待冯公主上了马车,锦云才为她端水喂药。
不过须臾,脸色便瞧着好多了,只是那双眼睛空洞得很。
“死了一个,又来一个。差羽被她迷得五迷三
道,有家都不回,谁成想这丫头竟是别苑里头洗衣洒扫的…”冯公主喃喃,“来了个真的,本以为可借刀杀人,萧瑧这时候倒做起好人来,这世上还有人比他歹毒么?!”

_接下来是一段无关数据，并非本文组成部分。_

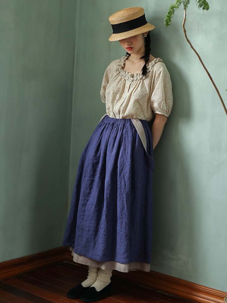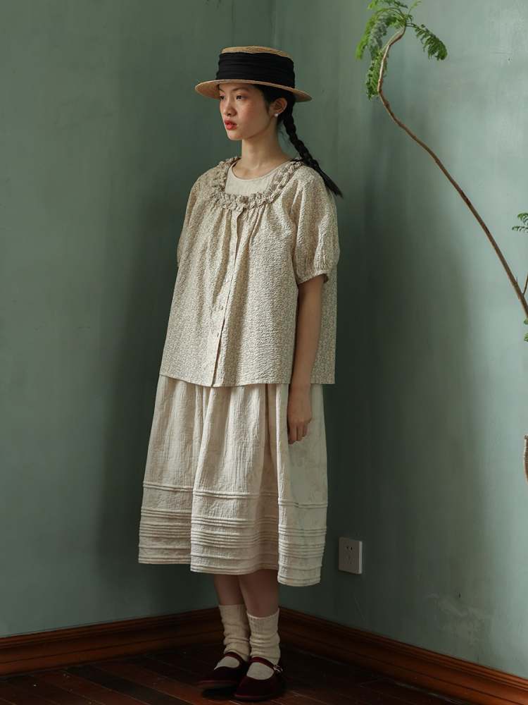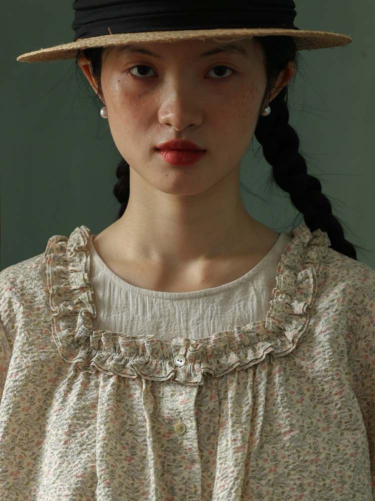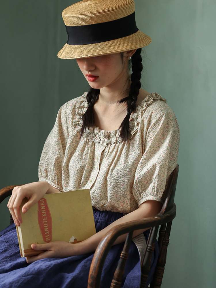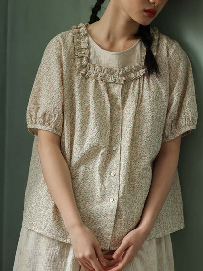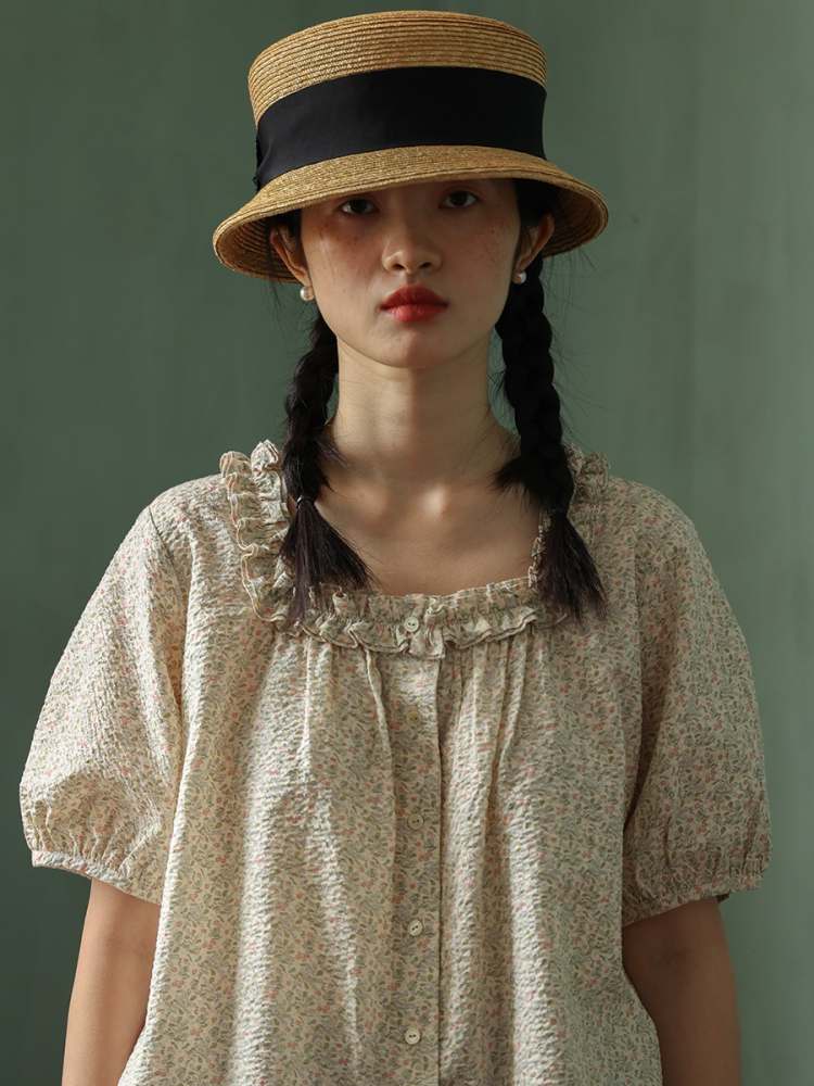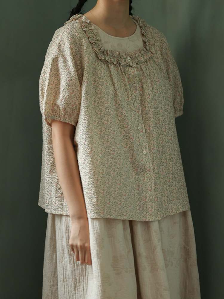 Puff Sleeves Square Neck Floral Tops【s0000006918】

“不过一个小丫头罢了,何苦为难着自己。简王就是那般性子,瞧着正经,心却黑得很。这丫头落在他手中,只怕刑具走不过一遍,命就去了半条。”锦云道,“殿下要风得风要雨得雨,想磋磨个贱奴,日后机会多的是,不在一时。”
冯公主的眼神渐渐聚焦成了一个点儿。
她忽地坐起身来,面上也多了些许光彩。
“这个方法妙。若那丫头死在狱中,那也是他萧瑧的事。”冯公主奇异地笑着,“既能去掉一个心头大患,又能摘得干净。”
锦云点头,又道:“那,太子妃的亲妹妹…”
想起那张脸,冯公主便又一阵儿头疼。
“乡下来的哑女罢了,能翻起多大的水花来?”冯公主重新躺好了,蹙着眉头道,“只不能言语便失了在人前路面的机遇,离京前想法子将她和她家那老太婆赶走便是。”